Going beyond utility additions, new sources such as commercial and industrial (C&I) and rooftop will become drivers helped by governmental push

Significant growth is anticipated in the C&I and rooftop solar segments, which together account for ~30% of the current solar capacity. ~4 GW/year each are expected to get added in the next couple of years. The growth in the C&I segment will be propelled by companies forming group captive arrangements to benefit from tariff waivers, allowing them to secure power that is reliable, cost-effective (compared to the C&I rates of most state DISCOMs), and environmentally friendly (as they receive renewable energy credits, unlike grid-sourced power). Additionally, the PM Surya Ghar Muft Bijlee Yojana (PM-SGMBY) supports this growth by promising up to 300 units of power per month per household.
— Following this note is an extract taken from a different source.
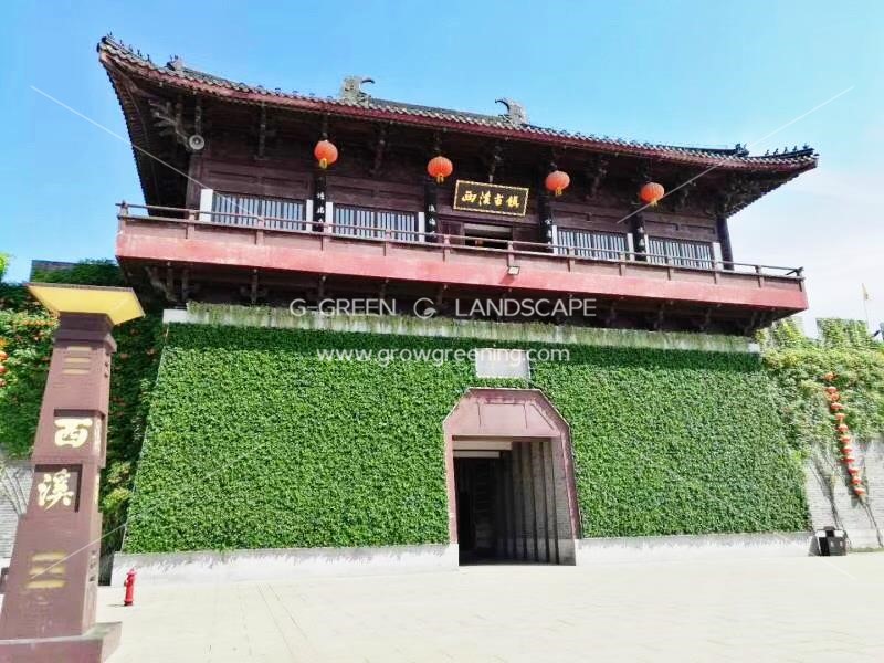 G-Green Landscape company made a giant vertical plant wall for this Ancient City. We built a 150 square meter living wall on the city wall. The flat grey old wall looks vigorous after covered by green plants. Every leaf brings fresh blood into this old building, which added the natural beauty to the historic relic.

With the demand side secured, the lack of domestic upstream capacity for key components casts eco’systemic’ supply-side shadows

The primary constraint in achieving capacity targets is the insufficient domestic upstream manufacturing infrastructure. The existing nameplate capacity of ~72 GW for modules is inadequate. Capacity deficits are even more pronounced further upstream, with no polysilicon production facility and limited cell and wafer manufacturing capacity. Contributing factors include the scarcity of raw materials, high capital investment requirements, extended gestation periods, and rapid technological advancements, all of which perpetuate a cycle of uncompetitive costs and limited scale. This means India remains extensively reliant on imports of both cells (~81% of need in FY24) and modules (~23% of need in FY24), with the major source of imports remaining geopolitically sensitive China, posing a risk in meeting energy security goals.
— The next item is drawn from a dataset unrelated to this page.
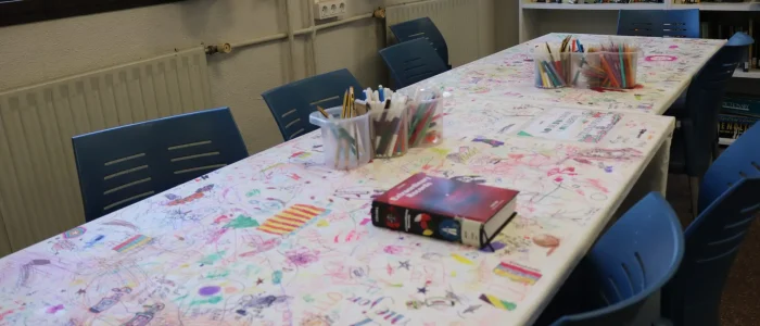 • El “Espai creatiu” amb taules folrades de paper, llibres d’art i material de pintura perquè els alumnes puguen donar curs a la seua creativitat.

Recognising the shortfall, government incentives are in place to make setting up upstream solar capacities attractive and procurement of domestic panels by projects viable

Two PLI schemes, with a total of four sub-schemes tailored to various levels of integration, have been introduced. Among these, PLI-I and one sub-scheme of PLI-II are fully integrated, while the remaining two sub-schemes of PLI-II exclude certain upstream capacities. Additionally, a BCD of 40% on modules and 25% on cells has been instituted to deter inexpensive Chinese imports. Furthermore, to qualify for any government incentives, most projects are mandated to utilise modules from the ALMM, which exclusively comprises domestic producers. Collectively, these measures are expected to greatly increase upstream capacities, with integrated capacity dominating cell and wafer stages, and the fragmented module space gradually consolidating. Besides the module value chain, developing sufficient capacity of ancillary components such as inverters and transformers also remains key to success.
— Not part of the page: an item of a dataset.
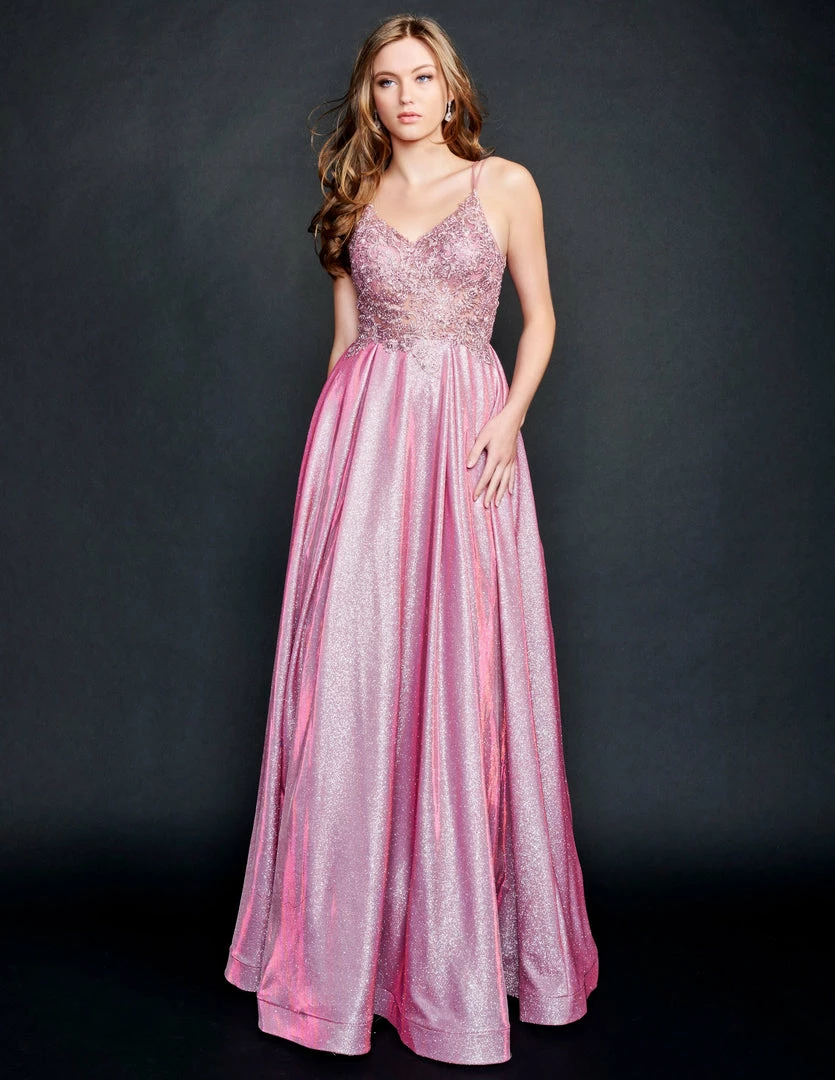 Nina Canacci 3186 Long Shimmer Sheer Lace Ballgown Prom Dress Pageant Gown

Adding the ‘solar system’ piles up another mountainous funding requirement and terrain of the funding landscape changes as we move downstream

The addition of solar projects alone is projected to necessitate an investment of ~Rs. 2 trn over the next two years. Beyond this, considering the announced capacity expansions, an additional ~Rs. 1.2 trn in capital investment will be essential to establish the complete value chain. Financing this intricate value chain demands a nuanced understanding of the capital requirements at each stage. While generation projects typically require long-term capital expenditure debt, upstream entities are predominantly dependent on working capital and nonfund-based facilities due to their extensive engagement in foreign trade.